**RECORDS FOR THE EXERCISE**
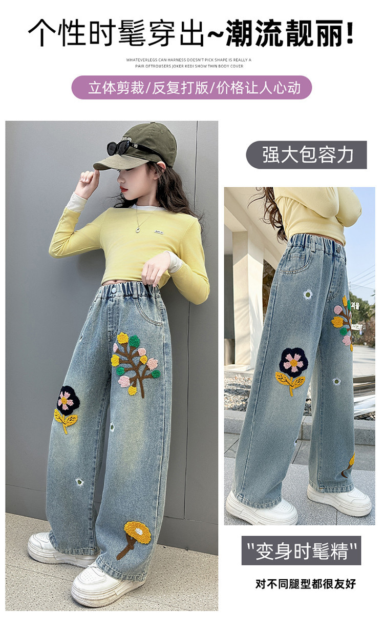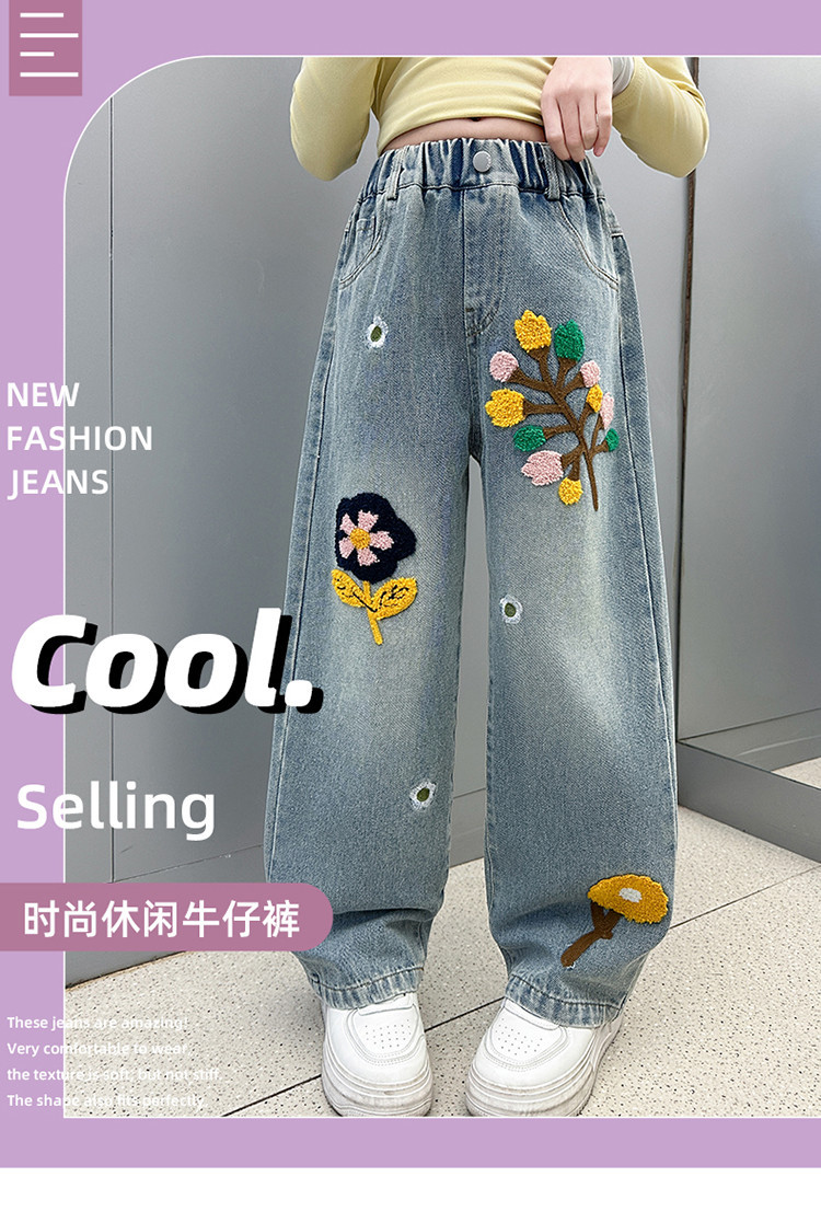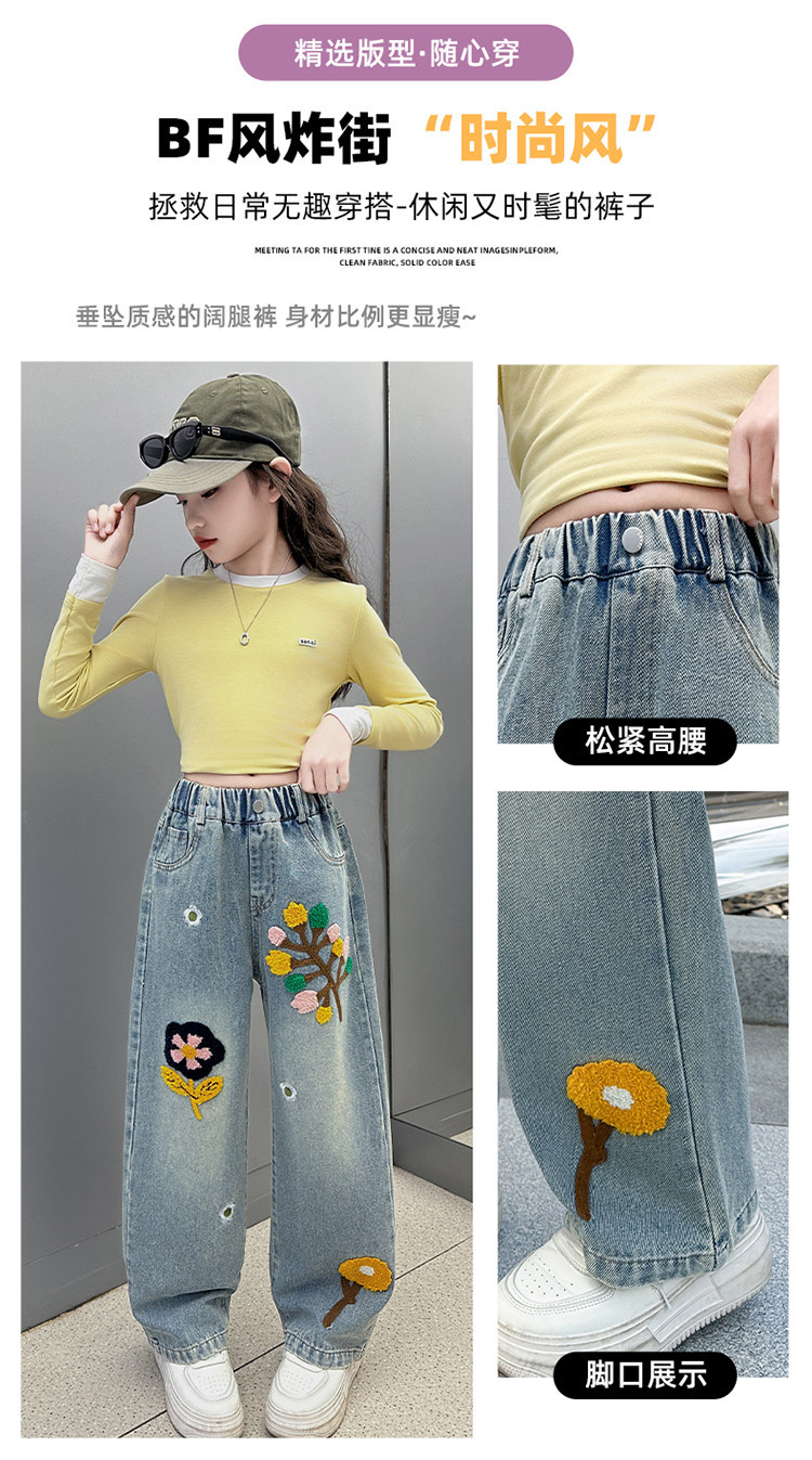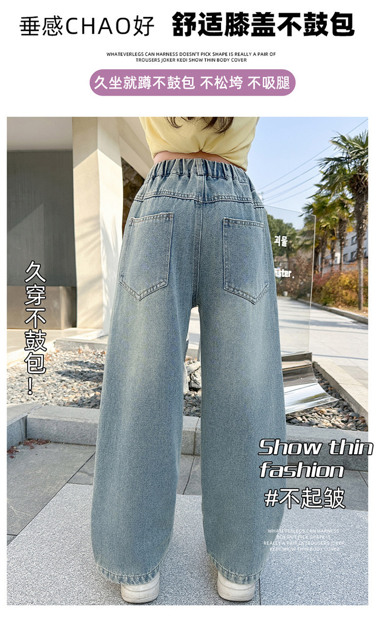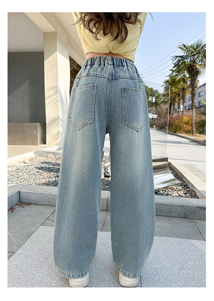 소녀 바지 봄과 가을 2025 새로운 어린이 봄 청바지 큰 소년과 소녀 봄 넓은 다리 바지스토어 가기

==

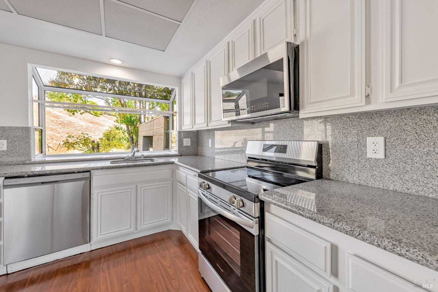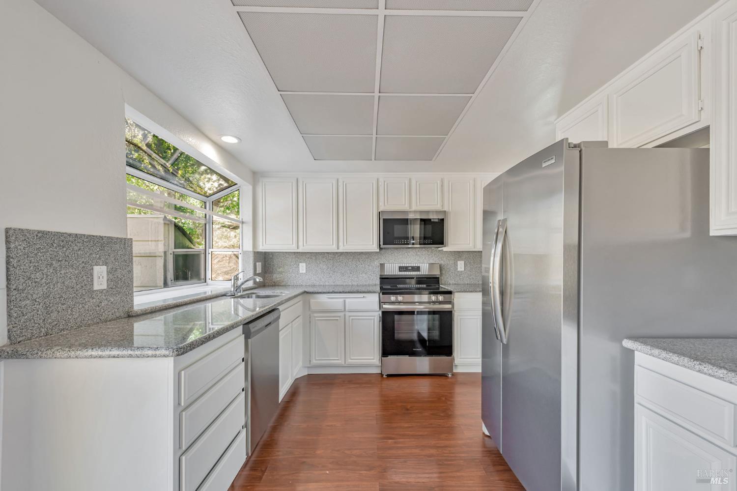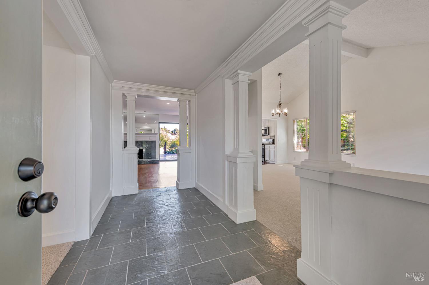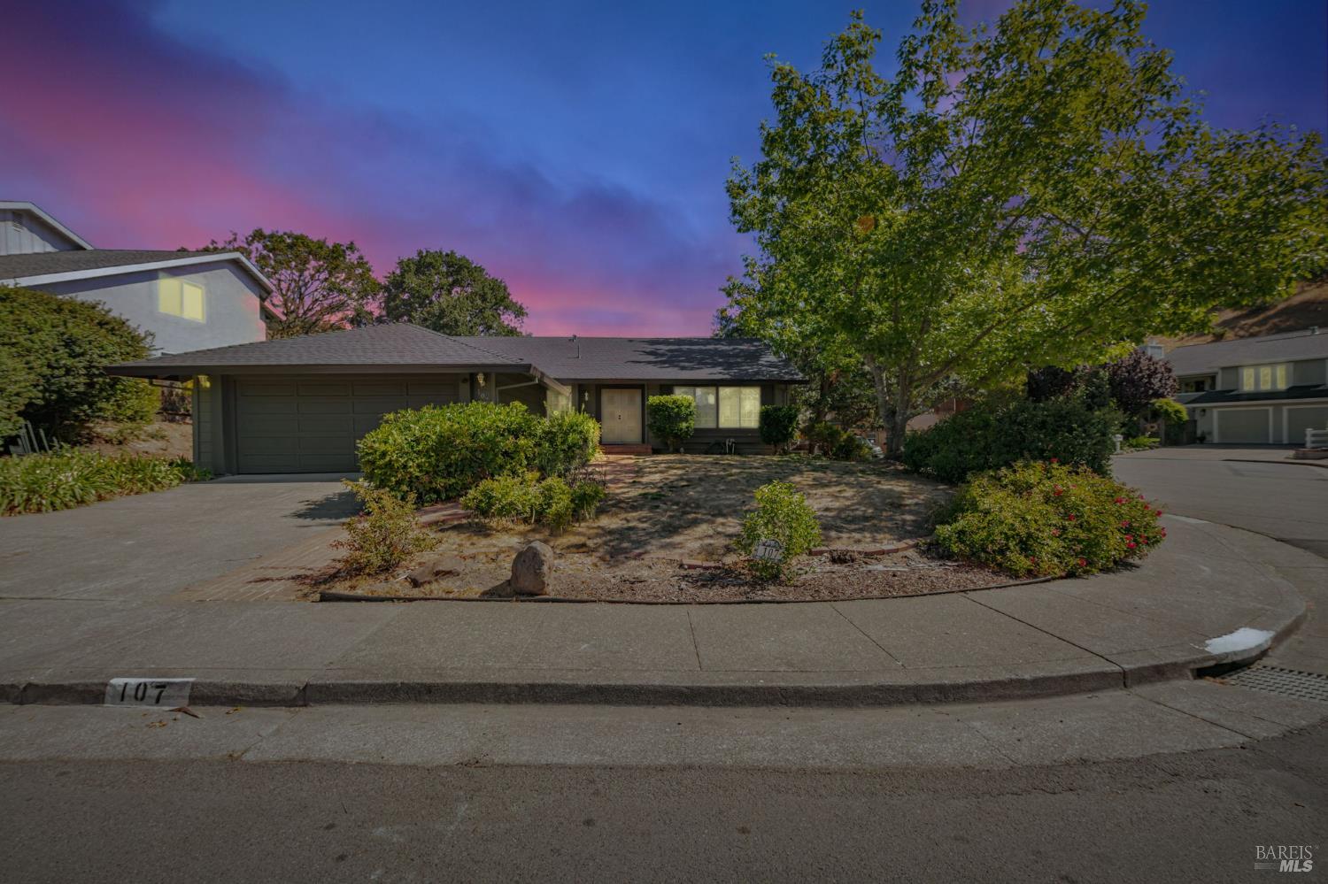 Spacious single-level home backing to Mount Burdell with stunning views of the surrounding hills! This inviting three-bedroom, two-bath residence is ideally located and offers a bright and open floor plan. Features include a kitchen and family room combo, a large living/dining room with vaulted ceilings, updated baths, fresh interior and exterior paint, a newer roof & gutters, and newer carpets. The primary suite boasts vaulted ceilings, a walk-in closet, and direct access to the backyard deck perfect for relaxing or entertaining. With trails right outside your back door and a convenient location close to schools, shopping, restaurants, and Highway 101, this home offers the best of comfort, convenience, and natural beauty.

==

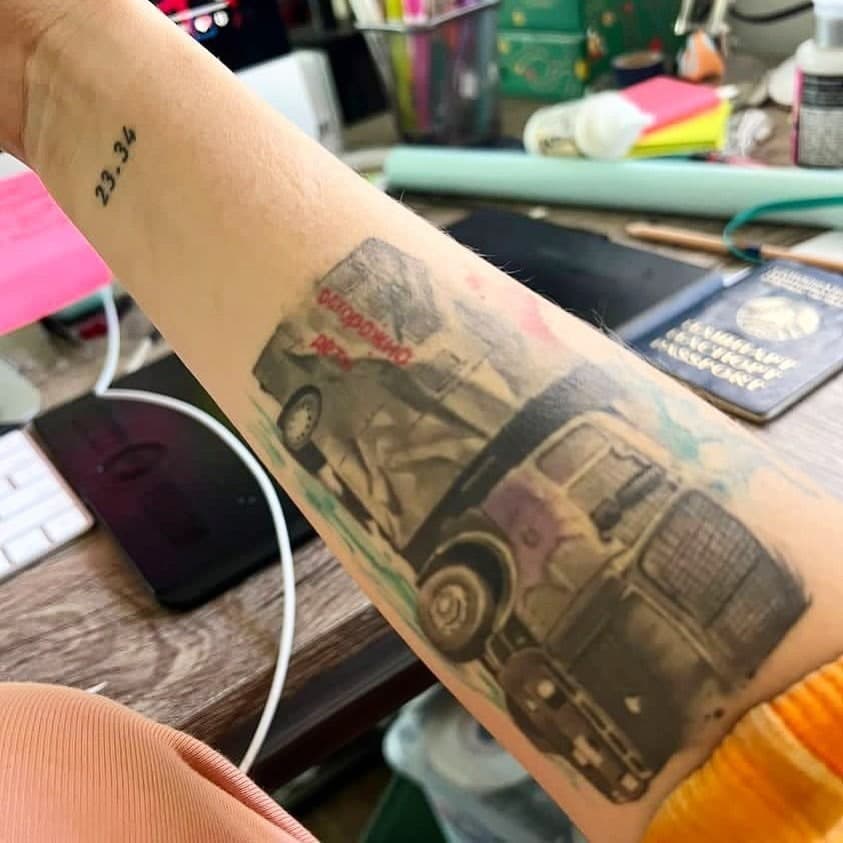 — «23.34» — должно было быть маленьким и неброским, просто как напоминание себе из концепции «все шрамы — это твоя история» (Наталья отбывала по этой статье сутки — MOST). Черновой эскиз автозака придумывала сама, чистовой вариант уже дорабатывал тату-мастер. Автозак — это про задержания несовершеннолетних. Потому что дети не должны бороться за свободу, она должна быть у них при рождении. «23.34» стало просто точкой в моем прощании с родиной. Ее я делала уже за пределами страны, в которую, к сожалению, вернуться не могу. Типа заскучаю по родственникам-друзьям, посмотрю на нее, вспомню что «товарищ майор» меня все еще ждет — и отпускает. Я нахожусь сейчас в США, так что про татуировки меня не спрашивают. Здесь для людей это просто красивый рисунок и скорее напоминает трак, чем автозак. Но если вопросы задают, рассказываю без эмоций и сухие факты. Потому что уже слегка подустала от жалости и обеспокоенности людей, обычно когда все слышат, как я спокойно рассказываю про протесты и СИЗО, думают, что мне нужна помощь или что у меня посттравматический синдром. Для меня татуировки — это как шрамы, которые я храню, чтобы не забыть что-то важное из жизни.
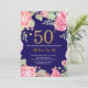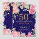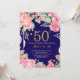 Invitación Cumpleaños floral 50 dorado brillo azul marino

**WORK REQUIRED**
Range to copy from the listing above: the line containing "важное из жизни." down to the line containing "Invitación Cumpleaños floral", both included. Reproduce it exactly, minus the pictures, and add nothing.

**WRITTEN RESPONSE**
 — «23.34» — должно было быть маленьким и неброским, просто как напоминание себе из концепции «все шрамы — это твоя история» (Наталья отбывала по этой статье сутки — MOST). Черновой эскиз автозака придумывала сама, чистовой вариант уже дорабатывал тату-мастер. Автозак — это про задержания несовершеннолетних. Потому что дети не должны бороться за свободу, она должна быть у них при рождении. «23.34» стало просто точкой в моем прощании с родиной. Ее я делала уже за пределами страны, в которую, к сожалению, вернуться не могу. Типа заскучаю по родственникам-друзьям, посмотрю на нее, вспомню что «товарищ майор» меня все еще ждет — и отпускает. Я нахожусь сейчас в США, так что про татуировки меня не спрашивают. Здесь для людей это просто красивый рисунок и скорее напоминает трак, чем автозак. Но если вопросы задают, рассказываю без эмоций и сухие факты. Потому что уже слегка подустала от жалости и обеспокоенности людей, обычно когда все слышат, как я спокойно рассказываю про протесты и СИЗО, думают, что мне нужна помощь или что у меня посттравматический синдром. Для меня татуировки — это как шрамы, которые я храню, чтобы не забыть что-то важное из жизни.
 Invitación Cumpleaños floral 50 dorado brillo azul marino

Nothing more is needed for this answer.